Mesmo com o prazo de vacância expirado e com condenação judicial transitada em julgado, Rezende teria retornado ao efetivo da Guarda Municipal de Botucatu. O denunciante afirma ainda que não há registro oficial no Diário Oficial sobre a data de seu retorno e que a alta cúpula da Secretaria de Segurança Municipal tinha pleno conhecimento dos fatos. São citados como cientes da situação o então secretário Marcelo Emílio de Oliveira, o corregedor Ricardo Ortiz Quintino, o comandante Leandro Carreira Destro e o subcomandante Sidnei Pichinin.

A denúncia também relata supostas ameaças internas contra servidores que comentassem ou questionassem o retorno de Rezende à corporação, situação que, segundo o documento, teria continuado mesmo em gestões posteriores, inclusive com o atual secretário Laudo Gomes da Silva. O processo envolvendo Rezende tramitou sob o número 0005315-28.2015.8.26.0052.
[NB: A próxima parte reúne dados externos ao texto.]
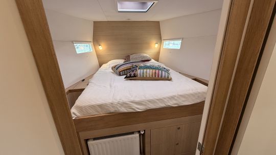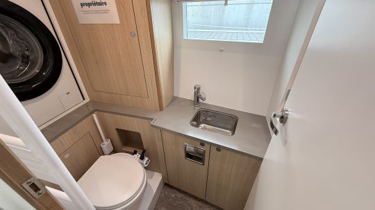 Each Isméria 45 can be customized, particularly in terms of interior woodwork. Although the layout is modular, the yacht we visited had 2 double cabins and a beautiful bathroom, which also houses the washing machine.

Por fim, o denunciante afirma que tanto Weber Plácido Pimentel quanto Paulo Henrique Rezende permanecem nos cargos por influência política e institucional, mesmo diante de condenações judiciais, e que estariam praticando abuso de poder. O documento solicita que o Ministério Público apure os fatos e adote as providências cabíveis, conforme determina a legislação.

O denunciante questiona como os servidores ainda continuam no cargo e possuem porte de armas com antecedentes criminais que segundo a Polícia Federal é um dos requisitos que é mais cobrado, ou seja a idoneidade, ainda sendo instrutor de tiro.

A reportagem procurou a Prefeitura de Botucatu, através do Prefeito de Botucatu, Fábio Leite, a Secretária de Comunicação Cinthia Al Lage, o Secretario Municipal de Segurança, Sargento Laudo, e os envolvidos Weber Plácido Pimentel quanto Paulo Henrique Rezende para se manifestarem sobre as denúncias. Até o fechamento desta matéria, não houve resposta. O espaço segue aberto para esclarecimentos.